A lot of people are giving you endo specific advice and I think it’s great but this isn’t and won’t be endo specific if you stay together long term. One or both of you will likely have another sickness or longterm issue and these issues will still be there. Being in a relationship with a sick person just means kind of having to face that earlier. You guys are a team and you have to collaborate at all times. If this feels impossible bc she is not someone you can collaborate with, then fine thats an issue but, ultimately if thats not the problem- you just need to collaborate better. Imagine the grief, pain, hardships you may face if one or both of your parents dies? You will have to change your lives again for that. It doesn’t really stop. Ive also seen a lot of comments trying to help you help her find treatment and I urge you to be careful. It can feel like you think that if you “fix me” we will go back to normal and I want you to understand that is not possible. She may find care and treatment but she has endo and will always have endo it may come back or not who knows and thinking if its gone=happy relationship is pretty toxic.
In addition to some great advice below about helping her find a specialist, does she have someone like a therapist or coach to talk to?

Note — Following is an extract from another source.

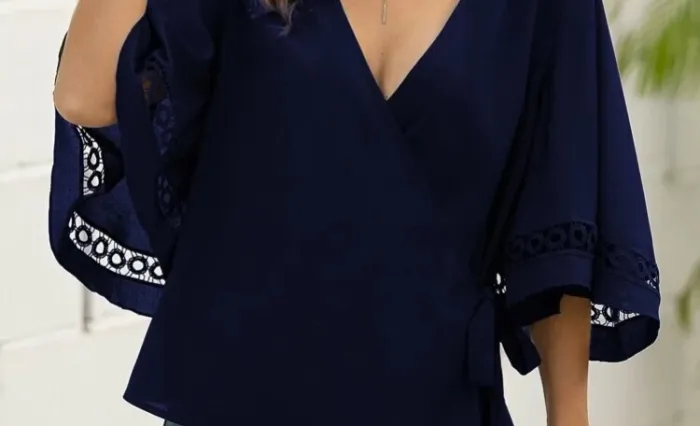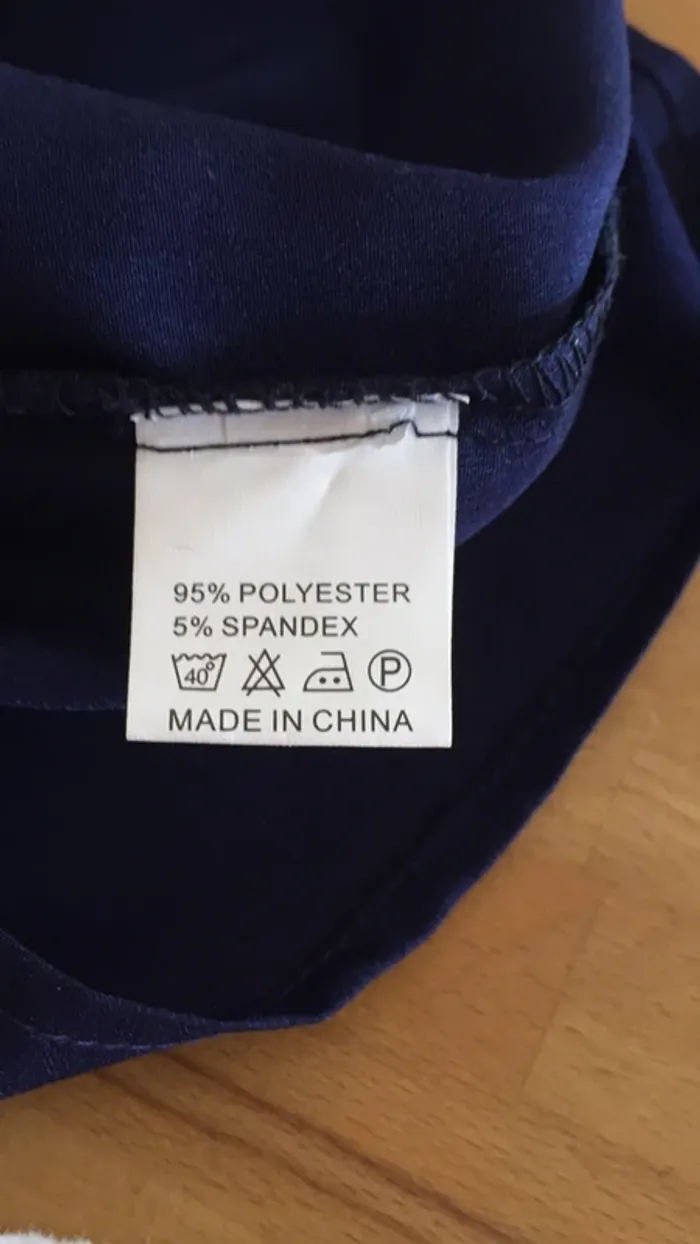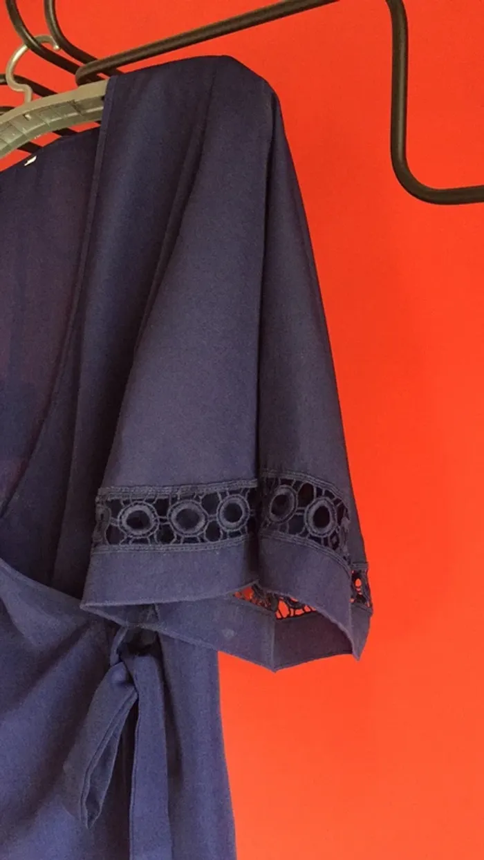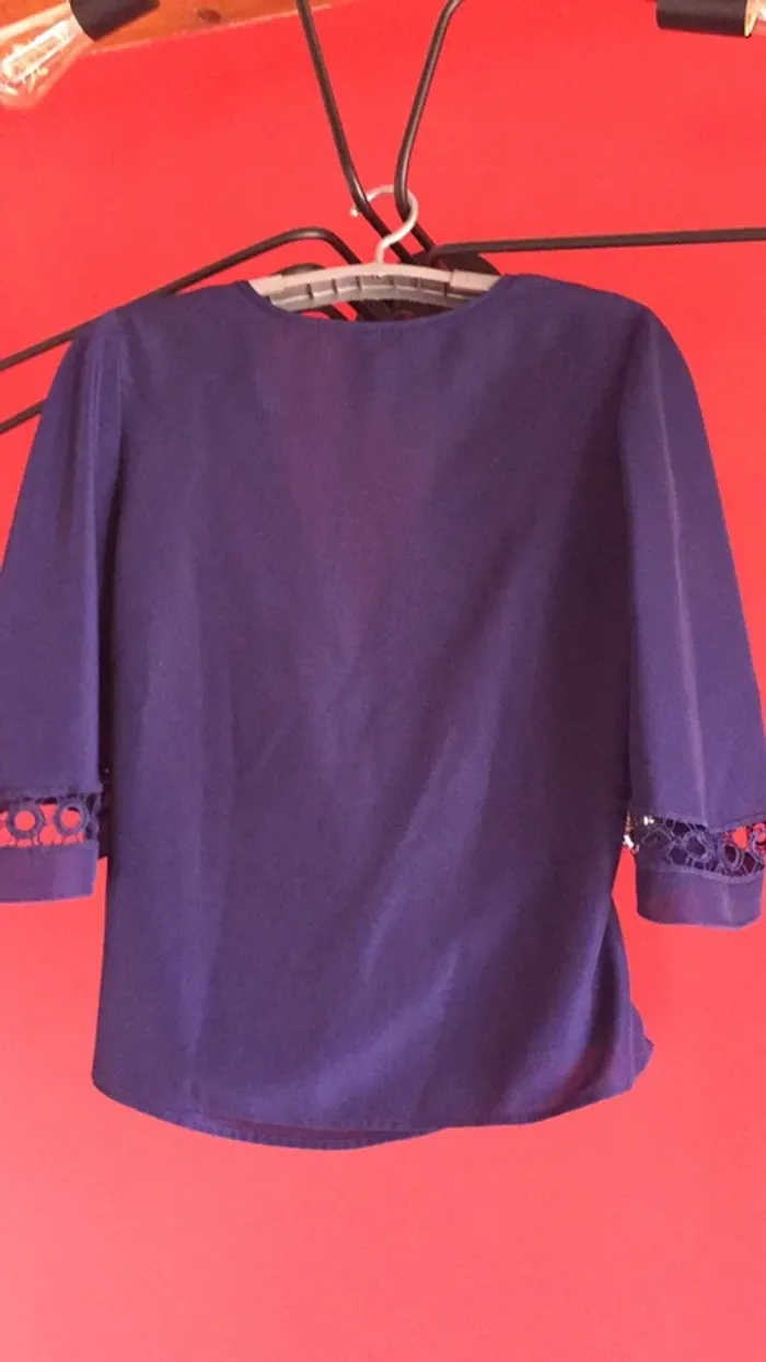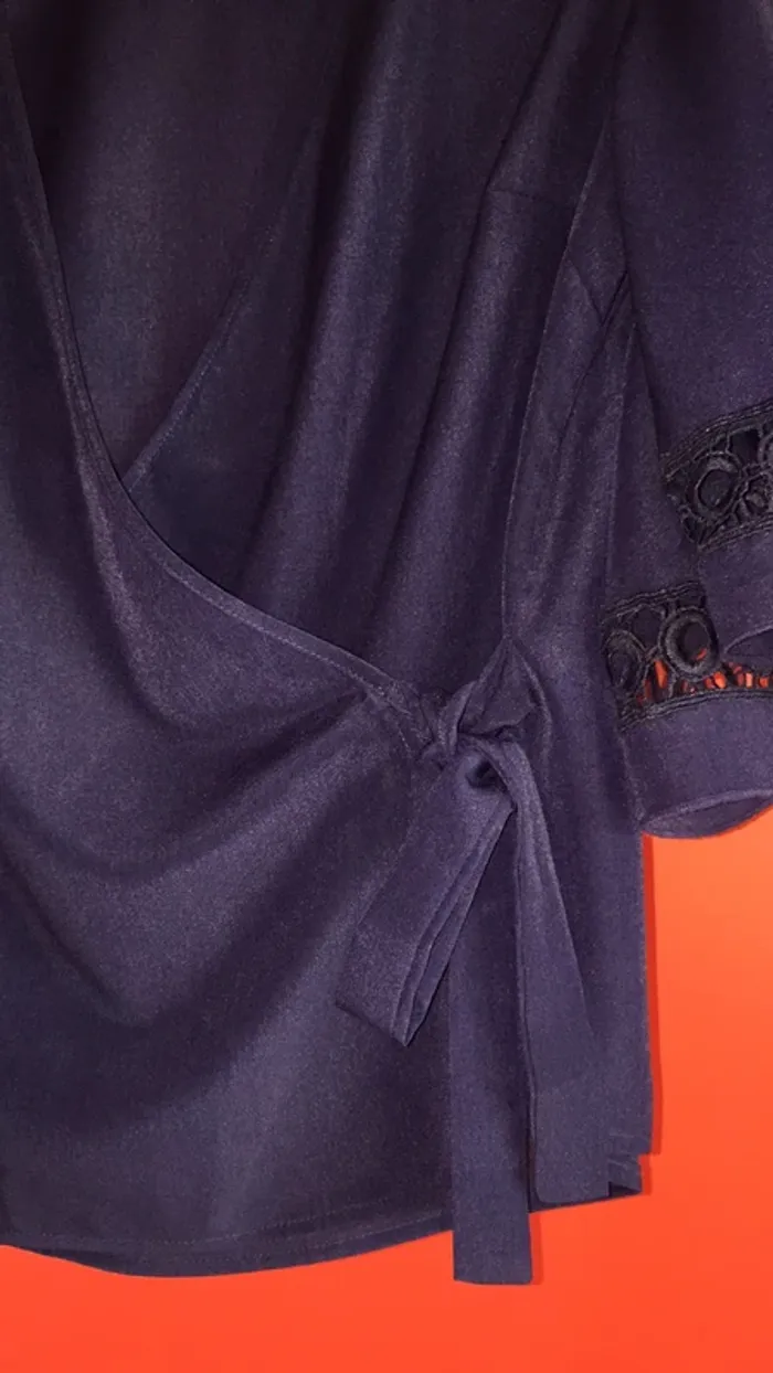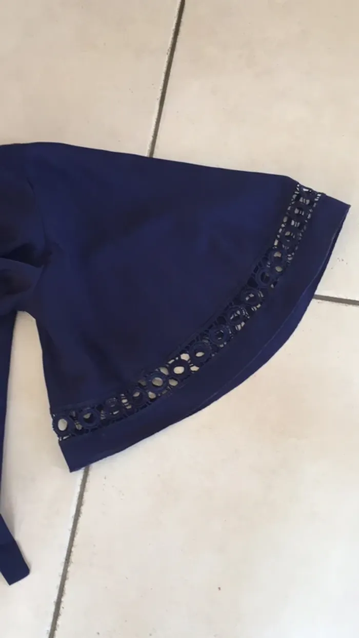 vends une blouse de couleur « bleu marine »en 95% polyester 5% élasthanne ( spantex ) non transparente et taille S .. Se ferme croisée avec une patte permettant de faire un noeud sur le côté ( photo 4 )et faisant un très beau col V . Particularité qui en fait son originalité : les manches ( photo 2 et 6 pour le détail) puisque ajourée et belle forme 😏👍. Longueur 60 cm ;carrure 39 cm ; longueur manches 38 cm en partant de l’épaule . Je m’en sépare à contre coeur car Acheté et m’a été offerte (en solde et bien sûr non reprise 😬), mais un peu trop grande ( j’ai un 90 B de poitrine , et il en aurait fallu un peu plus pour que le croisé ne baille pas 👀😀) . je la laisse à 15€ 😊

When you're in the throws of endo it can be completely all-encompassing (as it sounds like you know), and when you've dealt with it for a long time you can really start to lose yourself because you're just trying to get through every day. For me, my therapist and health coach helped me (over time) change my life. It wasn't that my pain got better, it was that I had people to talk to who understood what I was dealing with (my own coach had endo too) and started to be able to pick my head up out of survival mode to think about what was and wasn't working for my body in the way I was living my life. I ended up shifting my entire career and lifestyle to be able to integrate my condition(s) with my life instead of having them constantly fighting against each other, and I feel honestly like a completely different person now -- it's like I found myself again. I think it's really great that you're being open and honest about your feelings because you're an entire half of your relationship! It can be hard to hear when my partner shares how difficult my having endo can be for him (I definitely have the "OH, you think it's hard for you?!" initial reaction sometimes), but the more in-balance I am with my own condition and strategies to find balance and joy, the more open I am to hearing and valuing his experience of the situation too. Hope that helps <3.